### Work instruction
A faithful, word-for-word copy of the data below is required, without pictures.

### Provided material
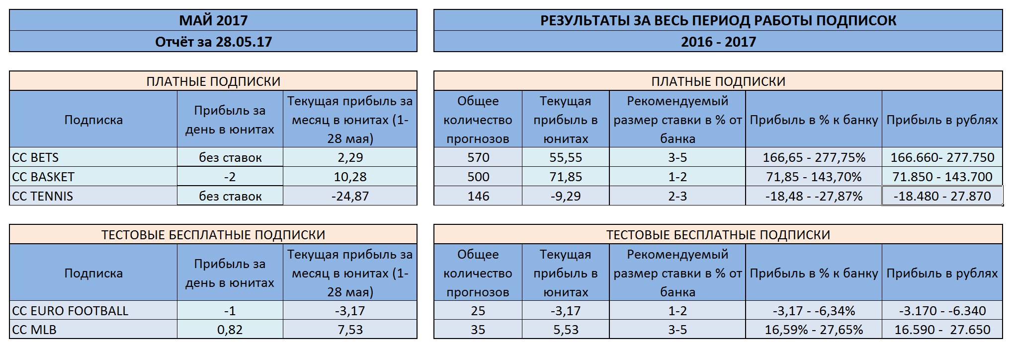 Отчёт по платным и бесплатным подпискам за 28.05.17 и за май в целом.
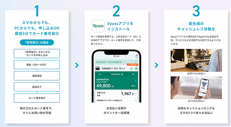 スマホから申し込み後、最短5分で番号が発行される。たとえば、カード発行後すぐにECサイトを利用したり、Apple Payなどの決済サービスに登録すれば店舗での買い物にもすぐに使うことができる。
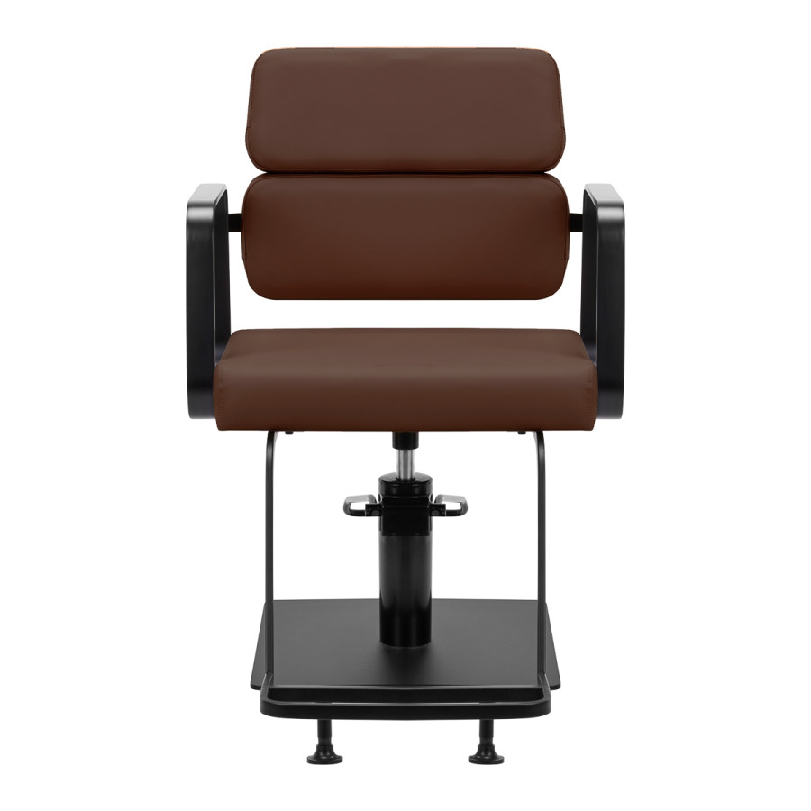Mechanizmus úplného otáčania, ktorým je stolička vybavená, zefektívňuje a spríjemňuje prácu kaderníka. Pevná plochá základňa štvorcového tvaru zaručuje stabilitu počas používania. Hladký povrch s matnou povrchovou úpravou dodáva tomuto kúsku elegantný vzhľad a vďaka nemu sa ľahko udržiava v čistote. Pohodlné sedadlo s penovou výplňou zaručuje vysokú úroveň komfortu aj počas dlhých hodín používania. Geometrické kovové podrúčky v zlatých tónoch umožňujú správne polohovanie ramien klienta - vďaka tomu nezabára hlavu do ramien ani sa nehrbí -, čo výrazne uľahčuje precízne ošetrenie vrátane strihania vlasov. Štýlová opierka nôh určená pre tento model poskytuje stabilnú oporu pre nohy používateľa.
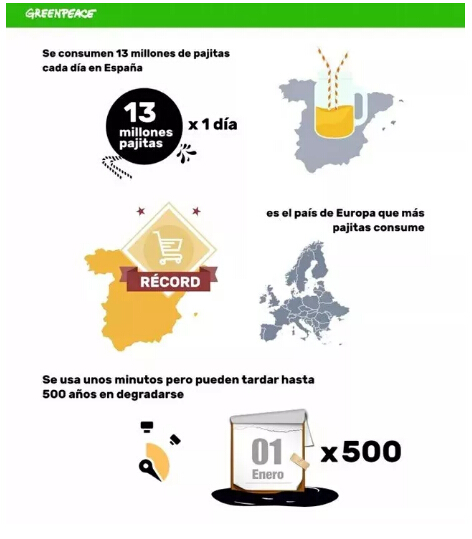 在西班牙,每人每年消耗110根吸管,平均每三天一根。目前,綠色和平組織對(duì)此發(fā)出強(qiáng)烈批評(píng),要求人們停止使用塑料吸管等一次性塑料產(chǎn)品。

### Response to this exercise
 Отчёт по платным и бесплатным подпискам за 28.05.17 и за май в целом.
 スマホから申し込み後、最短5分で番号が発行される。たとえば、カード発行後すぐにECサイトを利用したり、Apple Payなどの決済サービスに登録すれば店舗での買い物にもすぐに使うことができる。
Mechanizmus úplného otáčania, ktorým je stolička vybavená, zefektívňuje a spríjemňuje prácu kaderníka. Pevná plochá základňa štvorcového tvaru zaručuje stabilitu počas používania. Hladký povrch s matnou povrchovou úpravou dodáva tomuto kúsku elegantný vzhľad a vďaka nemu sa ľahko udržiava v čistote. Pohodlné sedadlo s penovou výplňou zaručuje vysokú úroveň komfortu aj počas dlhých hodín používania. Geometrické kovové podrúčky v zlatých tónoch umožňujú správne polohovanie ramien klienta - vďaka tomu nezabára hlavu do ramien ani sa nehrbí -, čo výrazne uľahčuje precízne ošetrenie vrátane strihania vlasov. Štýlová opierka nôh určená pre tento model poskytuje stabilnú oporu pre nohy používateľa.
 在西班牙,每人每年消耗110根吸管,平均每三天一根。目前,綠色和平組織對(duì)此發(fā)出強(qiáng)烈批評(píng),要求人們停止使用塑料吸管等一次性塑料產(chǎn)品。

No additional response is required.